Proses koalisi menarik. PPP sempat pecah, namun belakangan mantap ke poros Gerindra. PPP dan PKS sempat mengancam saat Hatta Rajasa, Ketua Umum PAN, menjadi cawapres Prabowo. Tapi akhirnya bisa menerima. Golkar, pemenang kedua, paling seru, ngebet betul ke poros PDIP. Tapi, karena permintaannya banyak, sedangkan Jokowi mengisyaratkan koalisi tanpa syarat, Aburizal Bakrie lari ke Gerindra. Prabowo menjanjikan Aburizal jabatan menteri utama yang bertugas mengkoordinasi sejumlah menteri di bidang ekonomi. Golkar pun bergabung.

Apa artinya? Koalisi itu memang untuk membagi kekuasaan. Koalisi di poros Jokowi pun tak akan seratus persen tanpa syarat, itu hanya kata-kata indah. Kata indah lainnya adalah koalisi terbentuk karena kesamaan platform partai. Bagaimana menjelaskan hal ini kalau bertahun-tahun partai itu bersaing?

Pelajaran dari hiruk-pikuk koalisi ini, jumlah partai terlalu banyak, ada 12. Dua saja sudah cukup. Atau, kalau ditambah, satu lagi. Caranya, resmikan koalisi saat ini sebagai partai baru. Dengan dua atau tiga partai, kita lebih siap menyongsong Pemilu 2019 yang sudah ditetapkan oleh Mahkamah Konstitusi sebagai pemilu serentak. Artinya, tak ada lagi pemilu legislatif dan pemilu presiden. Yang ada satu pemilu untuk memilih DPR, DPRD, DPD, dan Presiden. Pasangan capres dan cawapres pun diusung oleh "partai atau gabungan partai peserta pemilu" sesuai dengan bunyi konstitusi. Dengan dua atau tiga partai, jumlah pasangan capres dan cawapres ada dua atau tiga pula. Bayangkan kalau partai itu tetap 12, berarti ada kemungkinan pasangan capres dan cawapres juga 12, karena memang dibolehkan konstitusi. Tak ada urusan lagi dengan jumlah kursi atau perolehan suara karena kursi atau suara itu justru dicari pada saat yang bersamaan.

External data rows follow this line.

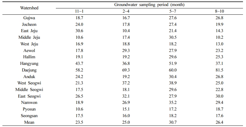 관정별 수질분석 시기별 오염등급 구분을 위하여, 지하수 이용 시기를 고려한 관정별 지하수 시료의 채수 시기를 3개월 단위(2~4월, 5~7월, 8~10월, 11~1월)로 구분하여 분석하였다. 분석 결과 5~7월에 가장 높은 분석결과가 나타났으며, 8~10월, 2~4월, 11~1월 순으로 나타났다(Table 8).
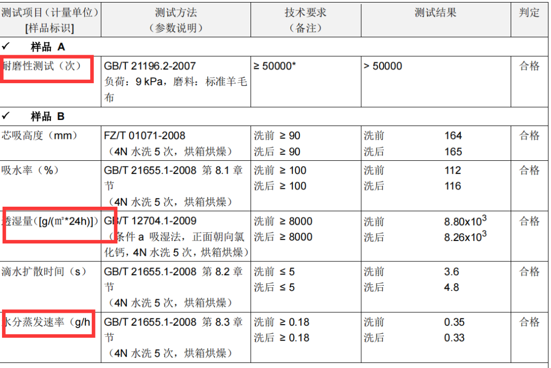 一开始就拿到了它的耐磨测试报告、速干测试报告。
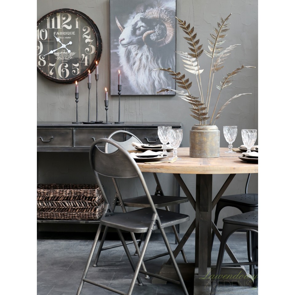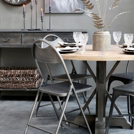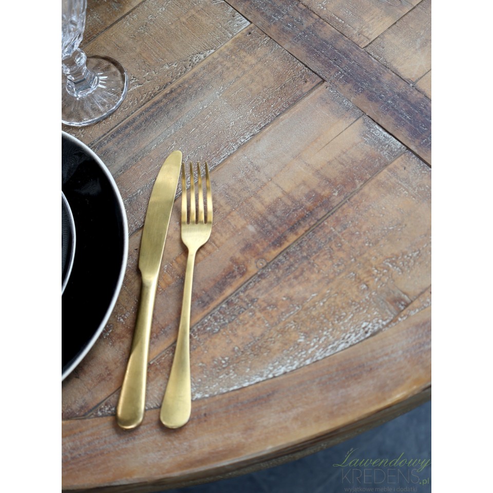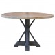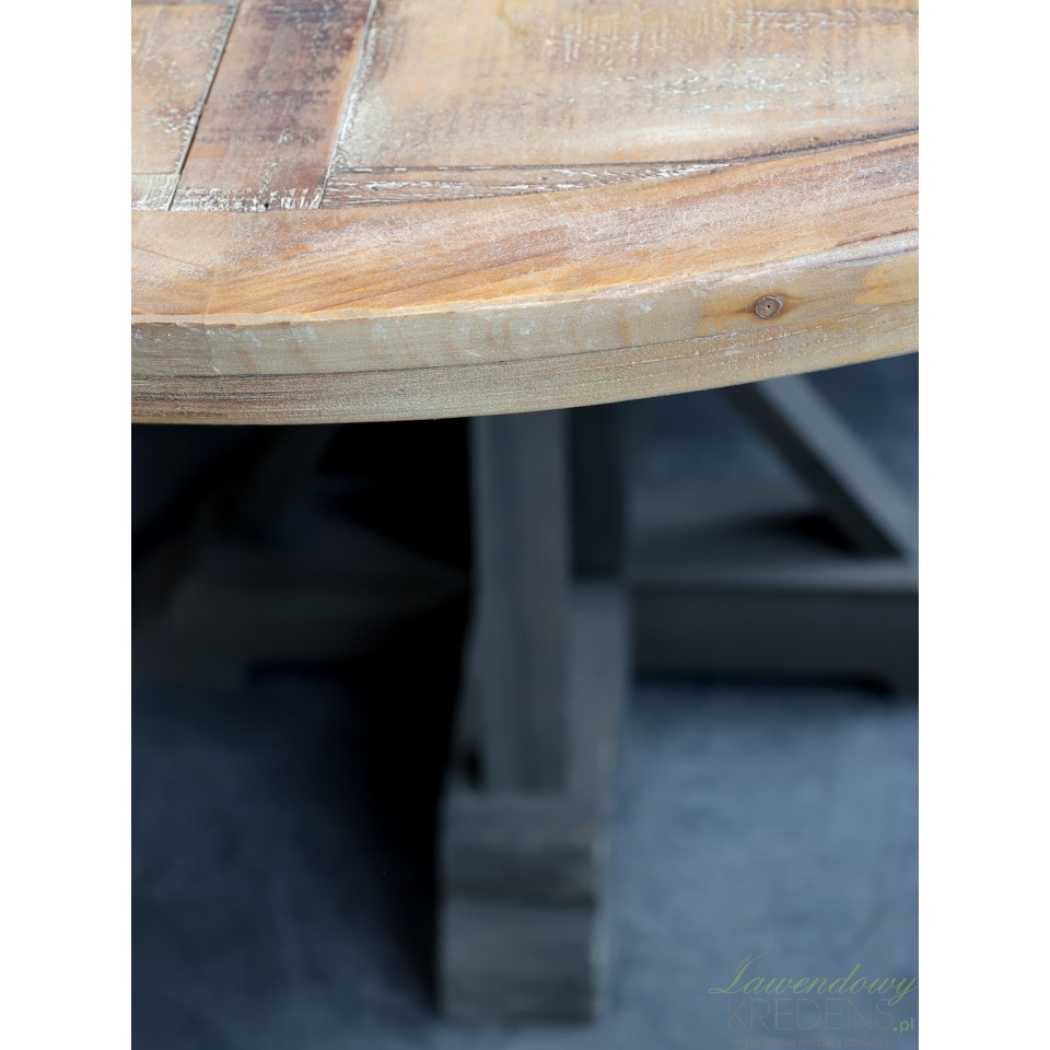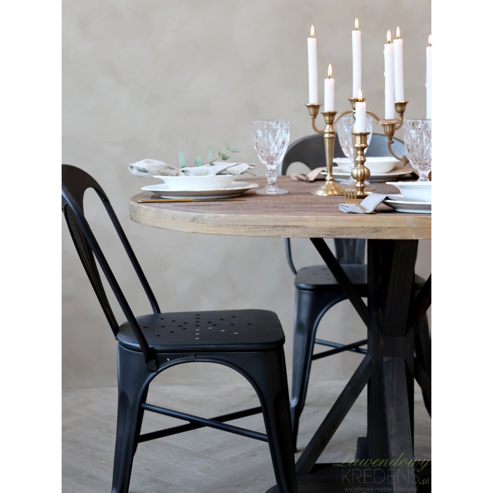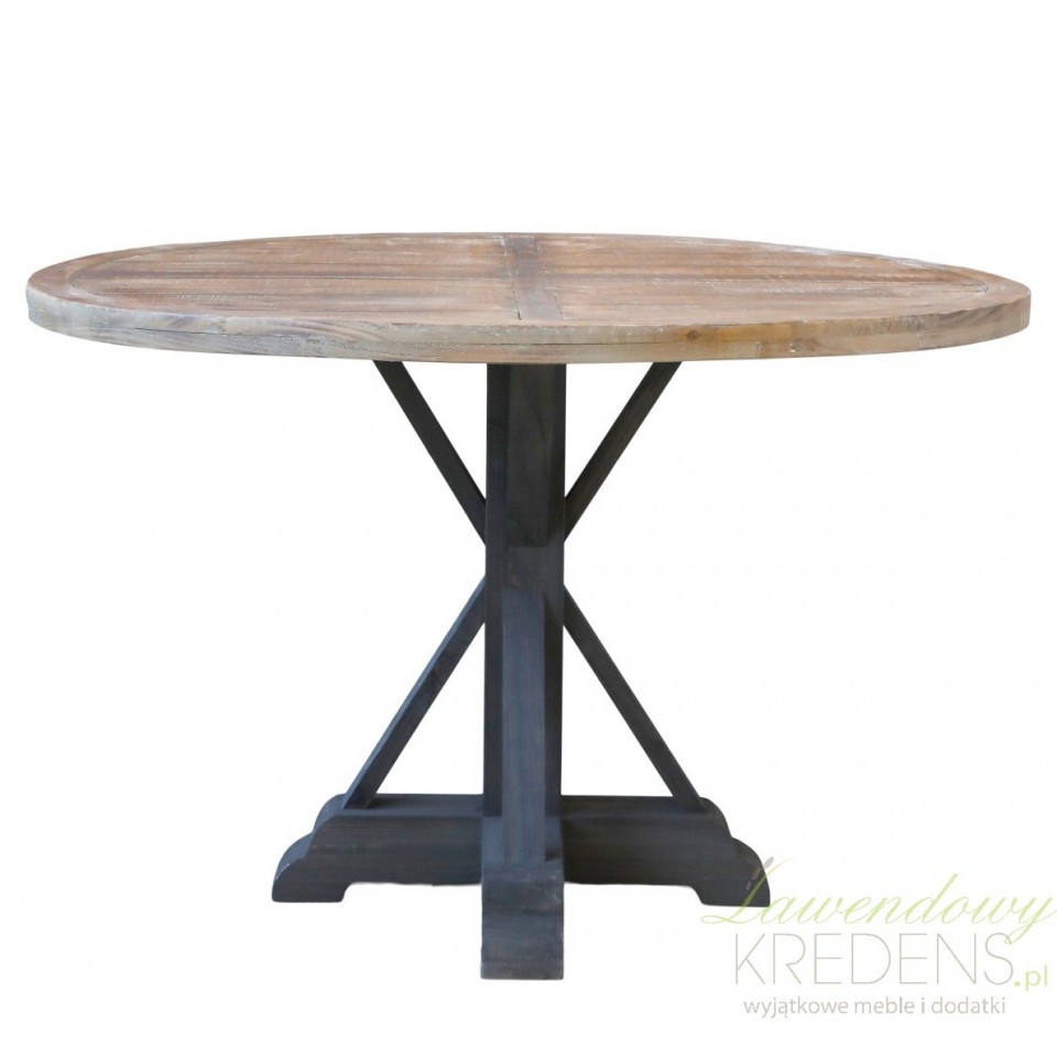 Oto drewniany stół okrągły Chic Antique, z masywną, czarną podstawą i brązowym blatem. Jest skropiony wyrazistymi postarzeniami.

Memang koalisi boleh karena konstitusi menyebutkan pasangan capres dan cawapres bisa diusung "gabungan partai". Tapi, kalau partai masih banyak, bagaimana caranya koalisi sementara memilih DPR dan DPRD masing-masing partai bersaing. Tentu rumit, partai berjuang untuk meraih kursi, sedangkan ada pasangan capres-cawapres yang diusung dengan cara bergabung.

Pelajaran dari pemilihan presiden 2014 ini bisa dijadikan tonggak penyederhanaan partai. Toh, koalisi saat ini juga banyak mengecewakan rakyat karena suara mereka seenaknya digabung. Orang mencoblos partai A karena tak suka partai B, tiba-tiba A dan B koalisi, suara rakyat dipermainkan. Mari ciutkan jumlah partai, hanya dua atau paling banyak tiga. Ini bisa mengurangi hiruk-pikuk politik.